Save any sklearn-compatible estimator to disk.

Parameters:

estimator (estimator object) – A fitted (or unfitted) sklearn-compatible estimator.
path (str) – Destination file or directory path. The appropriate extension (.egm for single-file, .egd for PyTorch directory) will be added automatically.
backend (str, default="auto") – Serialization backend. "auto" selects "torch" for estimators containing nn.Module attributes, "joblib" otherwise. Explicit options: "joblib", "torch", "pickle".
compress (int or None) – Compression level (0-9). Only used by the joblib backend. None means no compression.

Return type:

Text

Returns:

str – The actual path where the model was saved.

Examples

>>> from sklearn.linear_model import LogisticRegression
>>> import endgame as eg
>>> model = LogisticRegression().fit(X_train, y_train)
>>> eg.save(model, "/tmp/my_model")
'/tmp/my_model.egm'
>>> loaded = eg.load("/tmp/my_model.egm")

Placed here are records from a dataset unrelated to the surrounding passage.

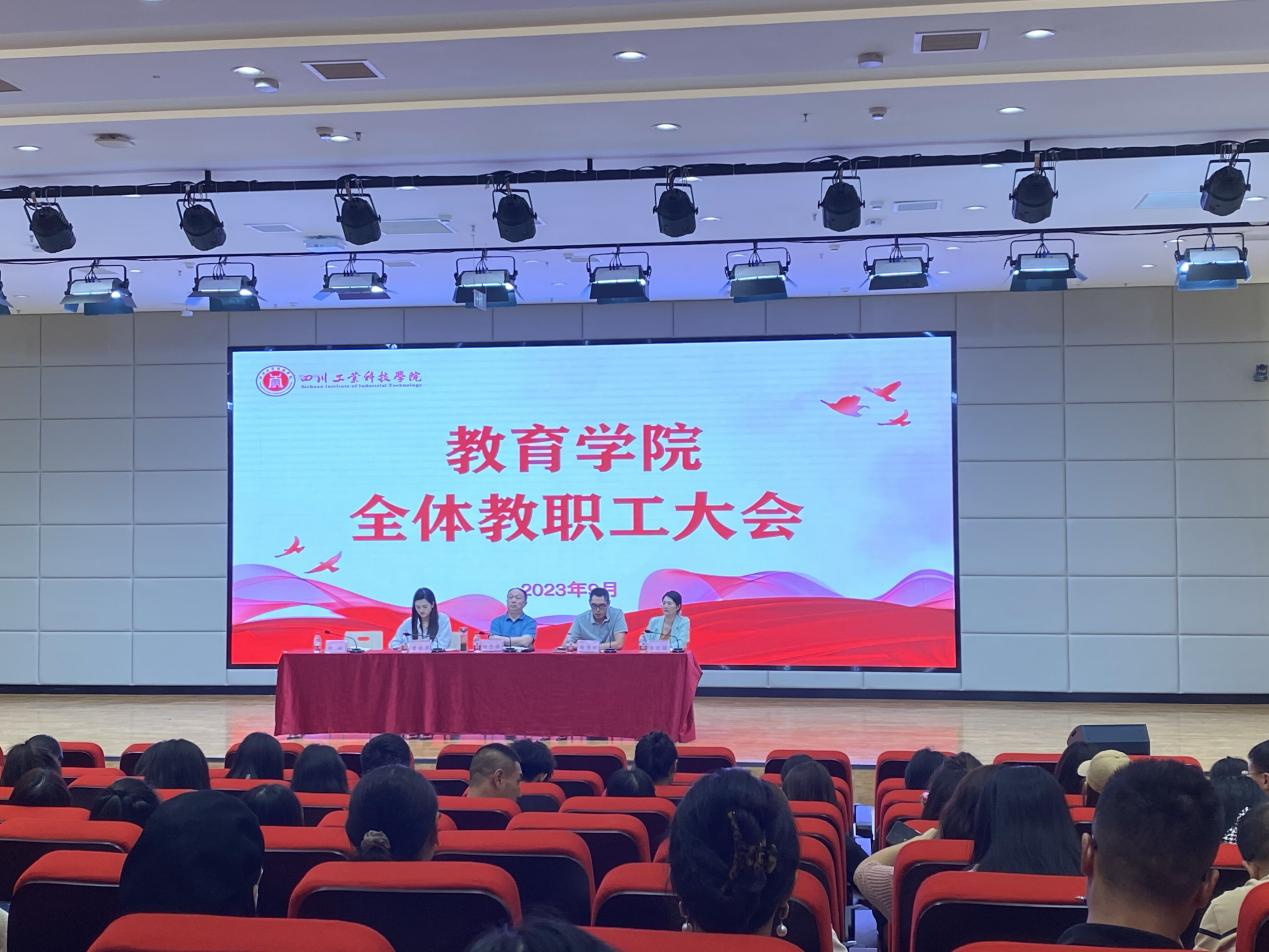 9月14日下午,教育学院于龑江学村C区报告厅召开全体教职工大会。会议由教育学院党总支副书记主持,教育学院党总支书记、教育学院院长,教育学院副院长、教育学院党总支副书记、教育学院院长助理及全体教职工参加了此次会议。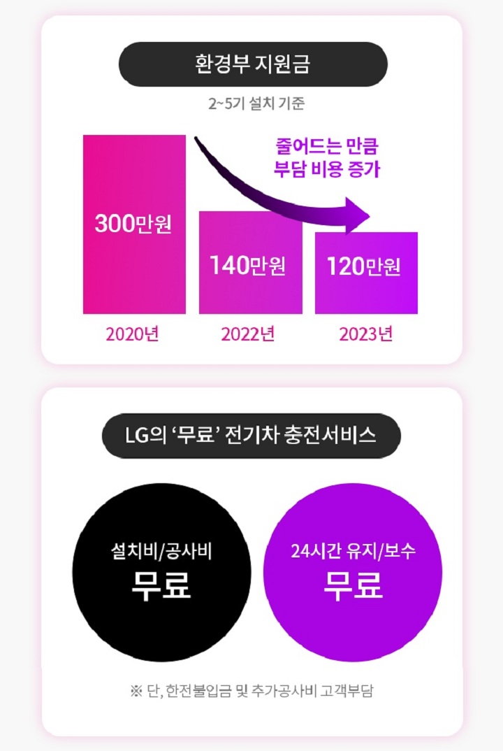 LG 전기차 충전기(설치비 무료 / 단 한전불입금 및 추가공사비 고객부담)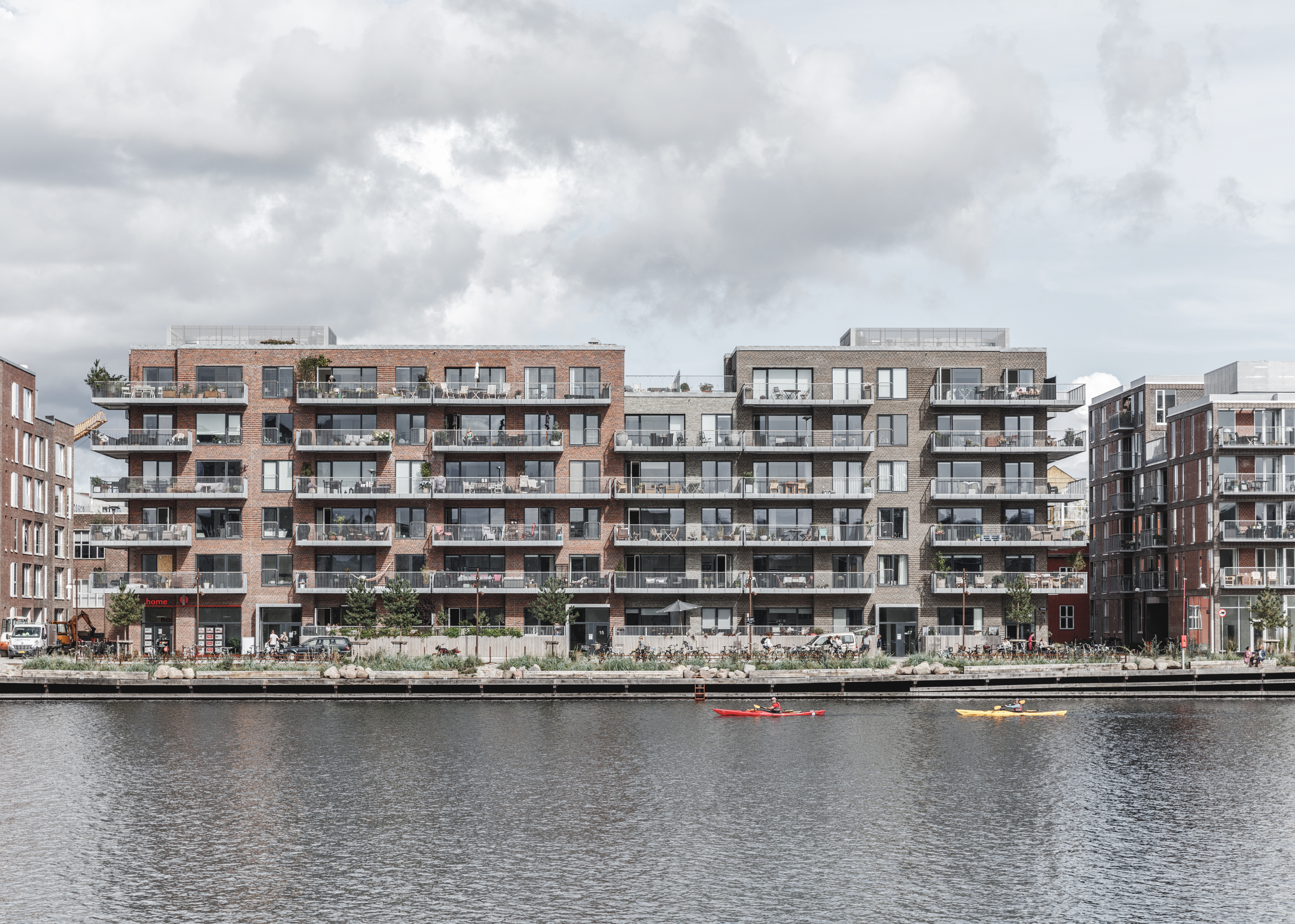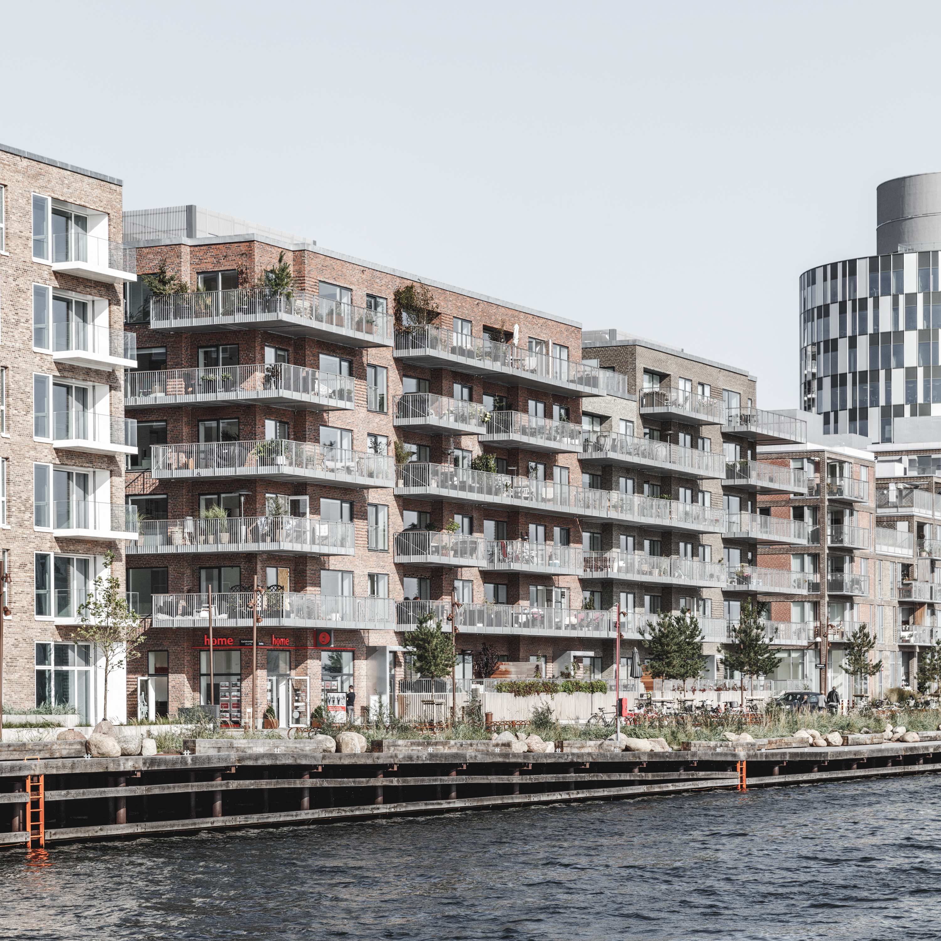 On the south-facing promenade along Sandkaj, there is a row of apartment blocks, many of them with cafés and shops at ground level, creating small, outward-oriented meeting places between the buildings and the harbour basin.

endgame.persistence.load(path, map_location=None)[source]¶

Load an estimator from disk.

Parameters:

path (str) – Path to a .egm file or .egd directory.
map_location (str or None) – PyTorch map_location for loading tensors (e.g. "cpu"). Only relevant for .egd (PyTorch) saves.

Return type:

Any

Returns:

estimator – The loaded estimator.

Examples

>>> import endgame as eg
>>> model = eg.load("/tmp/my_model.egm")
>>> model.predict(X_test)

class endgame.persistence.ModelMetadata(endgame_version='', format_version=1, model_class='', model_params=<factory>, created_at='', python_version='', dependencies=<factory>, n_features_in_=None, feature_names_in_=None, classes_=None, is_fitted=False, backend='joblib', compression=None)[source]¶

Bases: object

Metadata stored alongside a persisted model.

Parameters:

endgame_version (str)
format_version (int)
model_class (str)
model_params (dict[str, Any])
created_at (str)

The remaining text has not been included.